Efficient photocatalytic CO₂ reduction necessitates optimal charge balance and proton migration between the CO₂ reduction and H₂O oxidation half-reactions. However, traditional research has predominantly focused on optimizing these half-reactions independently, neglecting potential synergistic effects. Here, this work demonstrates a photothermal catalyst of Pt/Ta₂O_5−x nanoplates that synergistically leverages the photothermal effect and redox dual-site cooperation to simultaneously accelerate the CO₂ reduction and H₂O oxidation, thereby maximizing proton–electron transfer. The integration of the photothermal effect and photocatalysis ensures a strong driving force for CO₂ conversion while accelerating proton migration, with Pt plasmonics generating localized heat from solar energy.
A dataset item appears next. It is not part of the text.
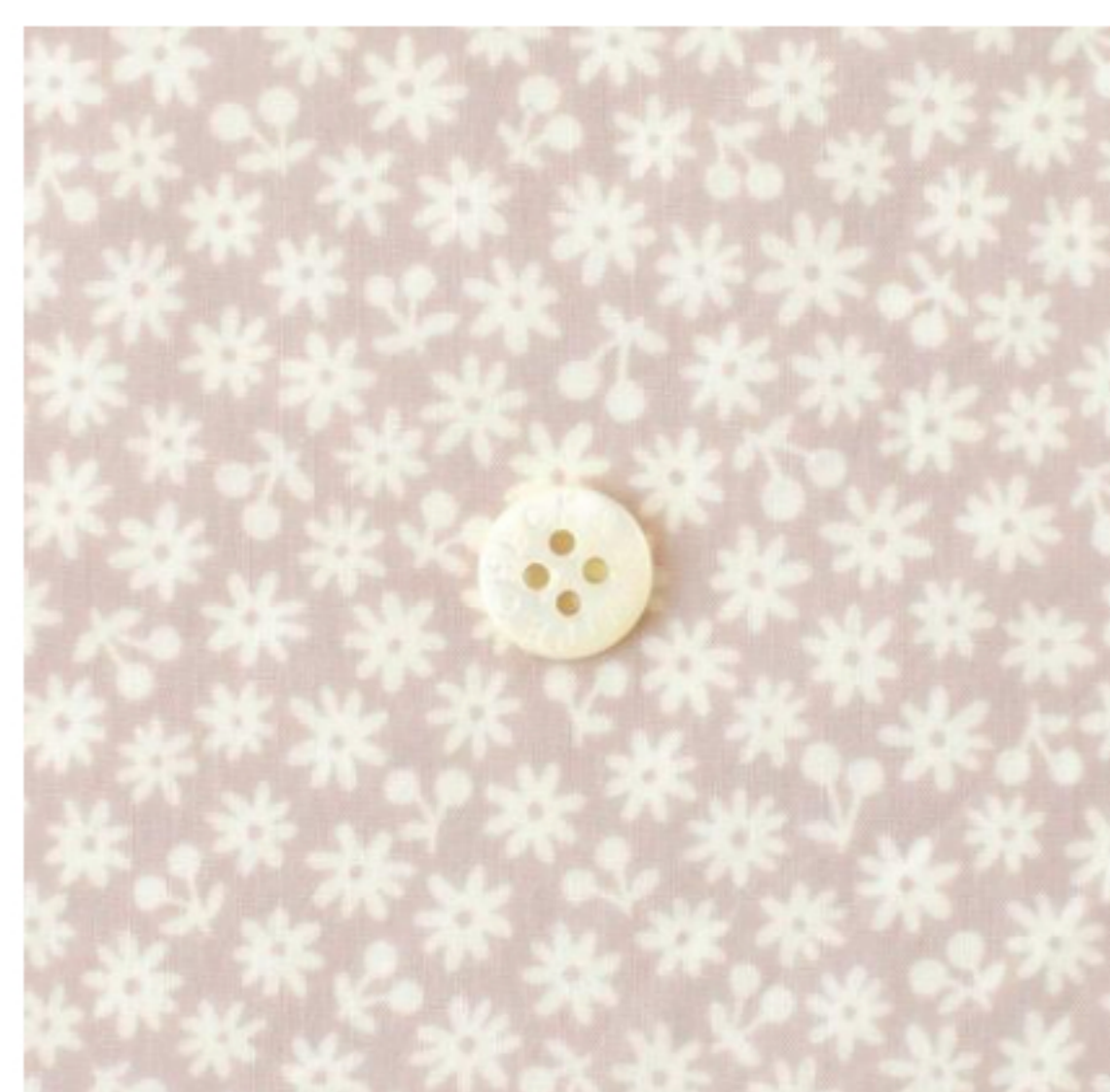
グレイッシュピンク地にマッシュルーム

In situ characterization reveals that O vacancies in Ta₂O_5−x enhance H₂O dissociation to provide abundant protons, while Pt acts as an electron acceptor site, effectively activating the CO bond. Theoretical calculations further illustrate synergistic CO₂ reduction and H₂O oxidation on Pt and O vacancy sites, where the oxidation of *OH to *OOH is synchronized with the *CO desorption to CO, significantly lowering the energy barrier for proton-coupled electron transfer. Impressively, Pt/Ta₂O_5−x exhibits exceptional photothermal catalytic performance in CO₂-to-syngas conversion with a syngas yield up to 1.97 mmol g⁻¹ h⁻¹, which is 16.3-fold higher than that of Ta₂O_5−x. Furthermore, the apparent quantum efficiency reaches 3.5% at 365 nm, and the syngas selectivity is a remarkable 82%, while also exhibiting good stability.